The visualisation of geospatial data is achieved via cartography a.k.a. mapmaking. In this process, variables correlated to geographical locations are layered over maps, in what is called georeferencing. When the visuals accurately depict the data, maps are an efficient and intuitive way to communicate spatial processes⁴. Nowadays, most geospatial data has been acquired with remote sensing devices, satellite, or aerial imagery. Recently the addition of drone footage and higher resolution (satellite) cameras have provided Earth scientists with daily and detailed images of the planet^{5, 6}. This has transformed our field considerably over the last decades, increasing the amount of geospatial visualisation programs and allowing for more detailed geospatial analysis.

Several figure types can be used to represent spatial data:

• Maps
• Graphs
• Images/pictures
• Animation/videos

The visualisation of temporal (time series) data is a powerful tool in the geosciences, as we often study changes trough time. Temporal data is mostly represented by graphs but can also be visualised using process visualisation techniques.

Observing changes in (spatio-)temporal factors lends insights into the forecasting of future events as well as the reconstruction of the past. Despite the complexity of spatiotemporal data, recent decades have seen shift towards real-time visual analysis and data integration⁷. This has been accomplished through the development of platforms such as ArcGIS and R statistical package⁸.

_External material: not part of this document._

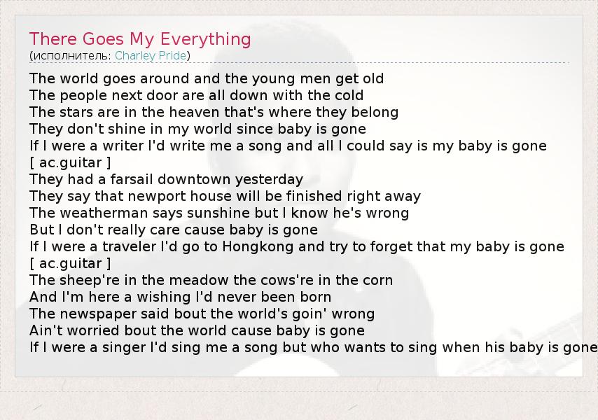 А как ты думаешь, о чем песня "There Goes My Everything" ?
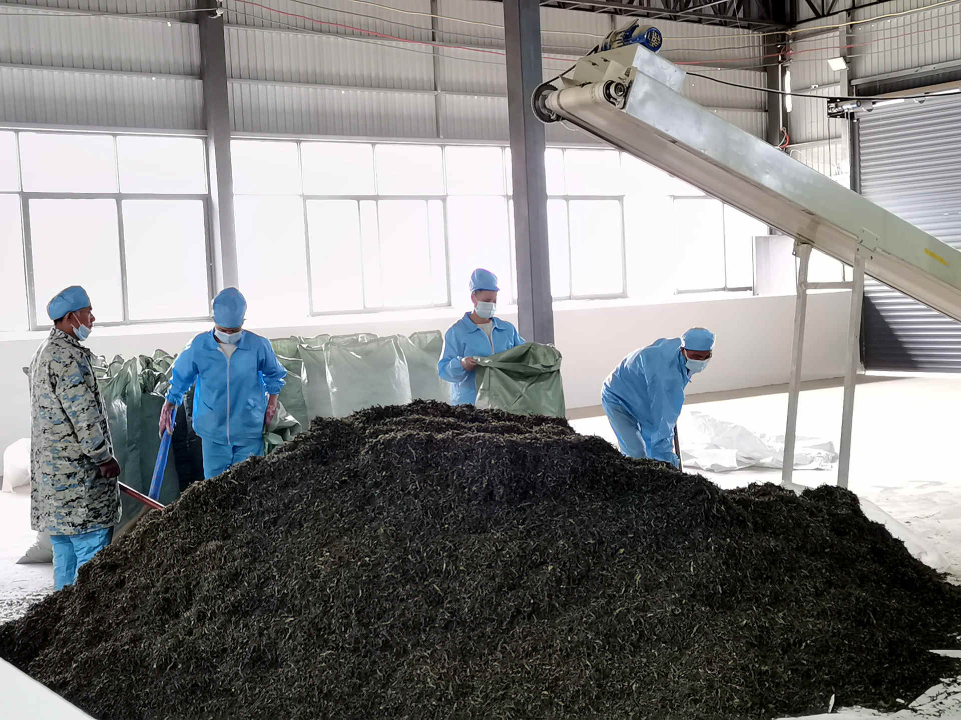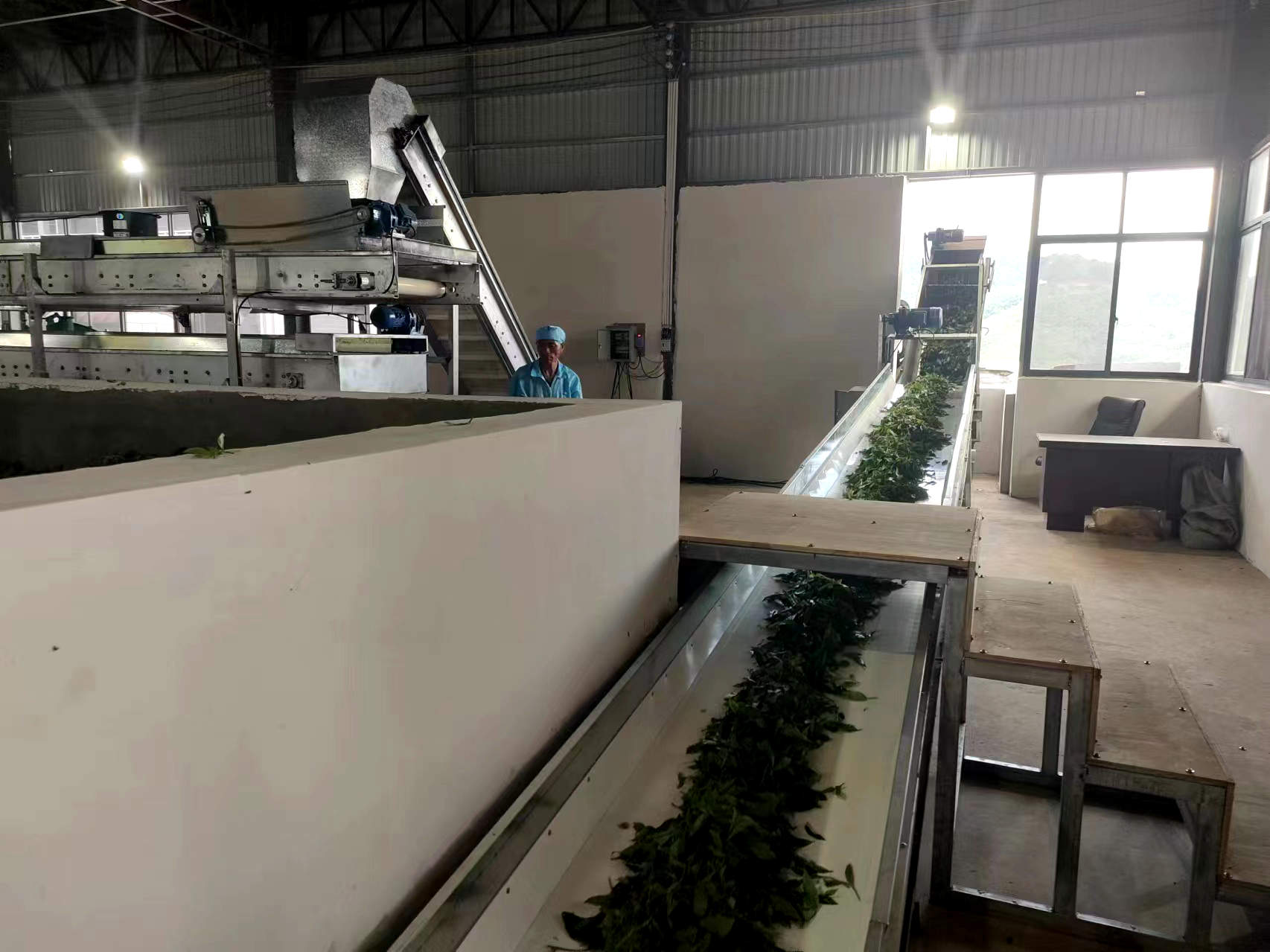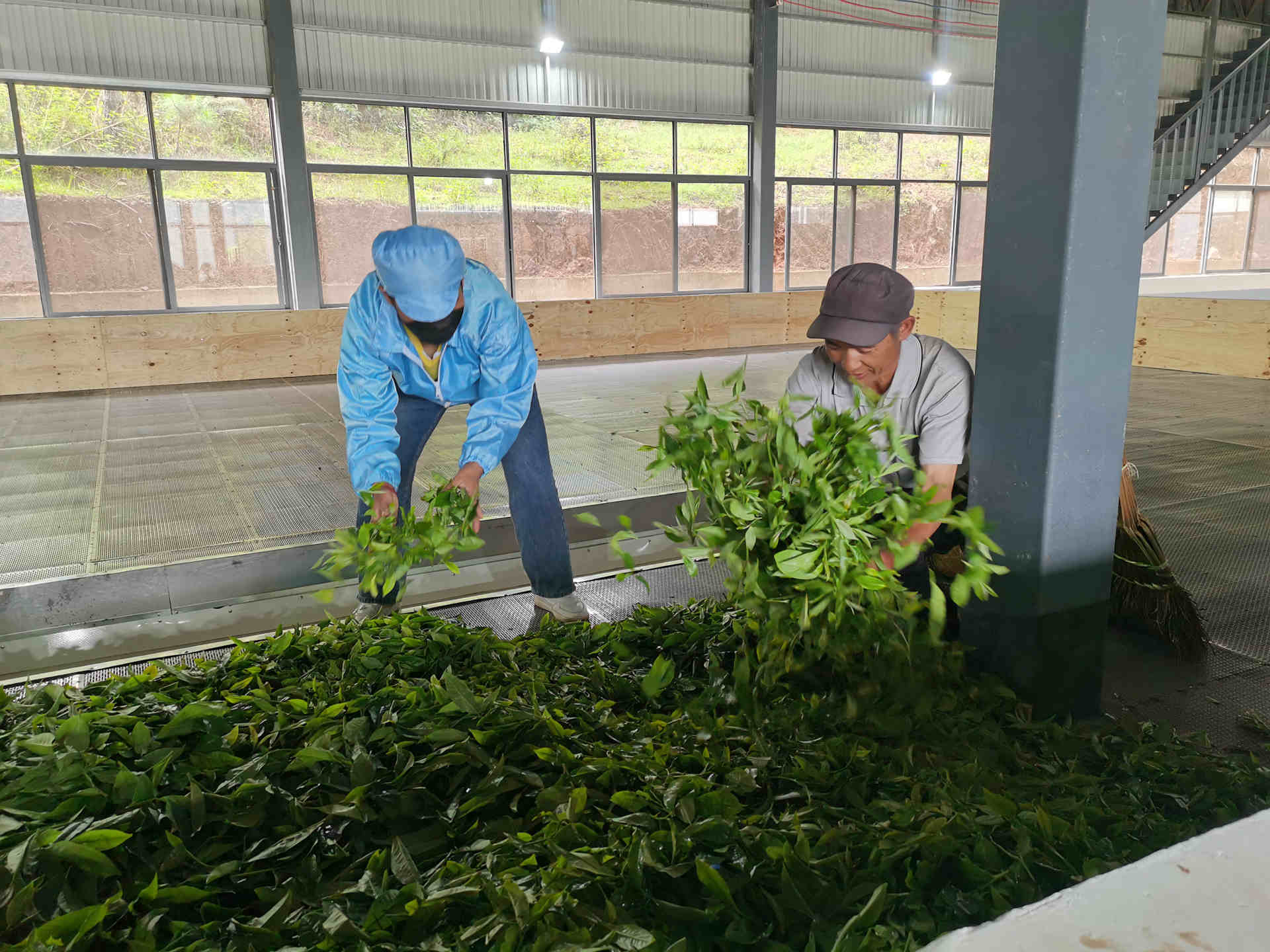 在附近的茶葉加工廠里,茶農(nóng)們正在依次排隊(duì)、稱重,過秤后的茶葉被均勻地鋪晾在工作臺上。一旁的傳送帶、殺青機(jī)、捻揉機(jī)、烘干機(jī)都靜靜地休息著——它們的高光時(shí)刻將在晚上八九點(diǎn)鐘來臨。

After the collection of spatial and temporal data, statistical analysis can be applied. Statistics is the science of analysing, interpreting, validating, and characterizing systems that are incompletely known. Visualising statistical data is an important part of data analysis. To do so, we must ensure that our databases have a clear data-structure. This includes adequate documentation, effective naming conventions, and an understanding of the project’s needs⁹.